Interview
"Le Petit Poucet, c'est moi !", interview de Marie Caudry et Christophe Mauri
Marie Caudry et Christophe Mauri ont répondu à quelques questions que nous nous posions à propos de leur dernier album, "Le Petit Poucet, c'est moi !". Ils reviennent pour nous sur leurs inspirations, le processus d'écriture et d'illustration, et le bonheur qu'ils ont eu à travailler ensemble sur ce projet.
Quel a été votre sentiment quand vous avez découvert la réinterprétation du Petit Poucet par Christophe ?

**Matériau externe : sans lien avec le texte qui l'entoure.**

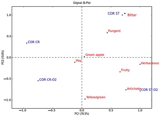 The PCA score plot related to the EVOOs produced from the cultivar Coratina, reported in Figure 4, explained 96.1% of the total variance with two principal components. The first component, which explained 76.3% of the total variance, discriminates the samples in two clusters according to the olive-breaking process, traditional hammer crusher and stoning, respectively. For the olfactory sensory notes, the discrimination along the first component was explained by the intensity of “herbaceous”, “artichoke”, and “fruity” sensory attributes that were higher for the EVOOs produced by stoning. As already pointed out for the oils obtained from the Peranzana cultivar, the intensity of these sensory notes is associated with the concentrations of the C5 and C6 aldehydes [], which, as reported in Table 3, were higher for the EVOOs produced by stoning. For the gustative sensory attributes, the discrimination of EVOOs was associated with the intensity of “bitter” and “pungent” sensory attributes, which were higher for the EVOOs produced by the stoning process, in agreement with the differences in the phenolic concentration reported in Table 2. Relative with the second principal component, which explained 19.8% of the total variance as observed for the EVOOs produced by Peranzana cultivar, the samples were discriminated according to the oxygen addition in the pastes during processing. The samples discrimination was explained according to the intensity gustative attribute, such as “bitter” and “pungent”, and by the “artichoke” attribute for the olfactive sensory notes.

Marie Caudry : J'ai été ravie de découvrir le texte de Christophe, je l'ai trouvé subtil, malicieux et légèrement mélancolique. Le détournement de conte est un exercice couru dans la littérature jeunesse, mais il est rarement conçu avec autant de grâce ! C'est un plaisir immense pour un illustrateur de pouvoir dialoguer avec un texte de cette qualité. Et un défi stimulant, de réaliser des dessins à la fois tendres et grinçants.
De plus, la forme épistolaire demande une lecture active et imaginative. Les lettres sont pleines de sous-entendus qui traduisent les points de vues des deux personnages. C'est au jeune lecteur d'imaginer ce qui se passe entre chaque lettre, laissant aussi une bonne place à l'illustratrice (assez bavarde) que je suis.

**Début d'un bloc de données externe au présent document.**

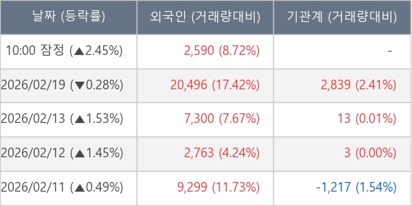 [표] 외국인ㆍ기관 순매매량 (단위 주)

Vous nous présentez un Ogre bien original : perruqué et bagué à chaque doigt, il est plus proche de Louis XIV que d’Hagrid ! Comment vous est venue cette idée de donner une allure si décalée à l’Ogre ?
Marie Caudry : Il a fallu en effet trouver une représentation d'Ogre qui ne reprenne pas un standard. Je suis donc partie, tout simplement, de représentations de Charles Perrault, portraituré avec sa perruque - et son double menton, qui a si bien retranscrit les contes issus de la tradition orale. J'ai trouvé comique de combiner ce côté coquet et raffiné avec un aspect balourd. Outre sa corpulence, la richesse des habits de l'Ogre évoque l'opulence, par contraste avec le dénuement du pauvre Petit Poucet.
L’univers visuel de l’album fait très XVIIe siècle : gravures, estampes, toiles de Jouy, accoutrement des personnages… Comment imaginez-vous les décors et l’ambiance des albums que vous illustrez ?
Marie Caudry : C'est justement à partir de cette représentation de l'Ogre que l'univers a pu se déployer. Inscrire l'histoire dans une époque permettait aussi de glisser des anachronismes qui faisaient aussi écho à ce ressort comique du texte de Christophe.
Quelle a été votre réaction lorsque vous avez découvert le visage donné à l’Ogre et au Petit Poucet par Marie Caudry ?
Christophe Mauri : Ma réaction ? Un vrai bonheur… et un apaisement ! Un apaisement car la confrontation des imaginaires entre auteur et illustrateur est parfois une rude épreuve.
Mais dès que j’ai vu la première étape du travail de Marie, j’ai été émerveillé. Une autre aventure commençait. Poucet, l’ogre, leurs chaumières, le lac Mon beau miroir n’étaient plus à moi : ils existaient désormais en dehors de la seule écriture, qu’ils ont immédiatement nourrie. Alors j’ai attendu, semaine après semaine, chaque nouvelle image avec impatience !
Après Je veux manger un lion où il était question d’un duo père-fils d’ogres, vous remettez le couvert avec les ogres : qu’est-ce qui vous fascine dans ces créatures ?
Christophe Mauri : Les grands méchants de la littérature de jeunesse amènent avec eux un patrimoine de méchancetés et de saveurs ; c’est un plaisir de les cuisiner !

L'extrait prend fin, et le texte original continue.